- _Exercise prompt_
Would you please transcribe, exactly as written, the lines of the entries below starting at the one that holds "Лилейник Sixth Sense" and ending at the one that holds "パチンコ435台 / パチスロ572台 |", both included?

- _Dataset excerpts_
____________________
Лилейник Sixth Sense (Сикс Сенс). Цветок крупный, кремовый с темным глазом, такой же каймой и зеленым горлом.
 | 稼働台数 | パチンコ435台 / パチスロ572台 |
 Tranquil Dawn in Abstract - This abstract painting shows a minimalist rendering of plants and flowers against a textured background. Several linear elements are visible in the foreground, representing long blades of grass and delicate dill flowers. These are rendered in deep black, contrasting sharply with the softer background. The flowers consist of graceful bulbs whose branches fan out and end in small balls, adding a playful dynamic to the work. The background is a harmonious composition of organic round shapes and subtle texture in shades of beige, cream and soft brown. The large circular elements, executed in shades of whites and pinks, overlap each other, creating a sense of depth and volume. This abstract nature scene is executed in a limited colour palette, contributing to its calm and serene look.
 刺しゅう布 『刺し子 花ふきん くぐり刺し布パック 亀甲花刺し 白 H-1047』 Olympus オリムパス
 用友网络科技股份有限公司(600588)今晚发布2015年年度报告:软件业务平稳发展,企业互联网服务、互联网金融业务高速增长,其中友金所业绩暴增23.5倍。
____________________
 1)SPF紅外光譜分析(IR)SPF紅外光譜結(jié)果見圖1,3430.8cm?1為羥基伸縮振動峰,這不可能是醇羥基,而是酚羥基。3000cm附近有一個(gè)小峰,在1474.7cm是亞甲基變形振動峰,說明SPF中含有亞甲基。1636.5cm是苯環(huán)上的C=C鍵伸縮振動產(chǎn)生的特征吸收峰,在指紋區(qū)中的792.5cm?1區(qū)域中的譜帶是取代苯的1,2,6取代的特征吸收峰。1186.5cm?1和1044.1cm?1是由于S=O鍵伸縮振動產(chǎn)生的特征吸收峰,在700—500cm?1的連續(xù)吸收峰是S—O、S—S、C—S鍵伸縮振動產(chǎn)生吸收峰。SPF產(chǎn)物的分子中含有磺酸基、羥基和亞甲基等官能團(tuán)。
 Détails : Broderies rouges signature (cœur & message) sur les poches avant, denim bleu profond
____________________
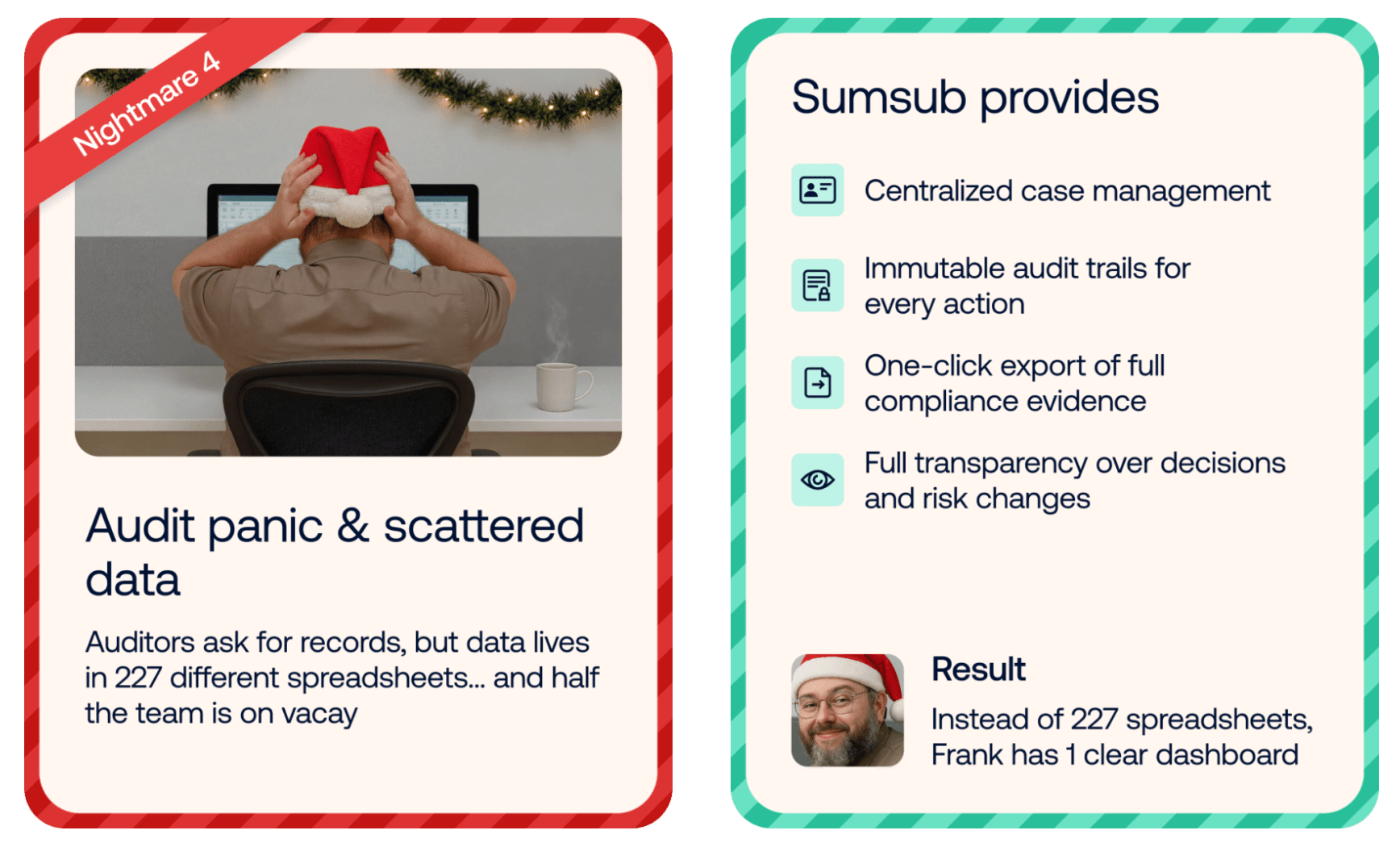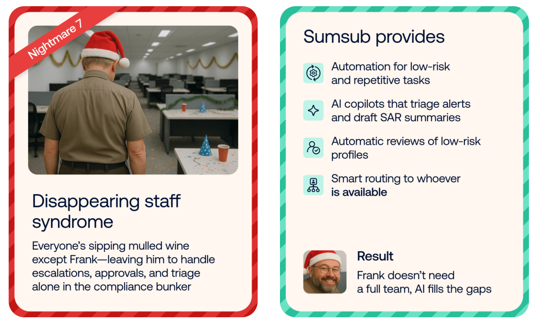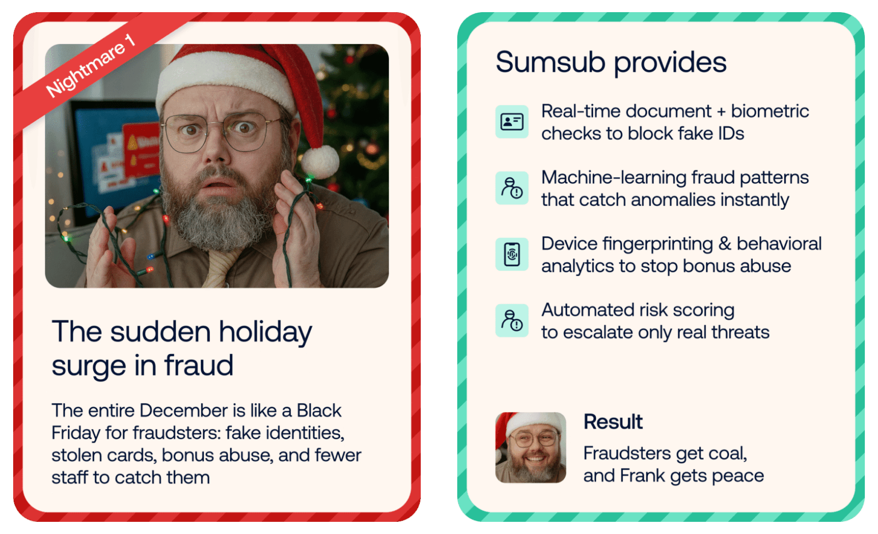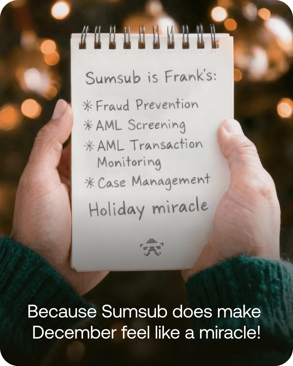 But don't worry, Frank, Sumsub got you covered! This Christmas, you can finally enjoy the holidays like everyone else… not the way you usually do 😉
____________________
- _Result for this task_
Лилейник Sixth Sense (Сикс Сенс). Цветок крупный, кремовый с темным глазом, такой же каймой и зеленым горлом.
 | 稼働台数 | パチンコ435台 / パチスロ572台 |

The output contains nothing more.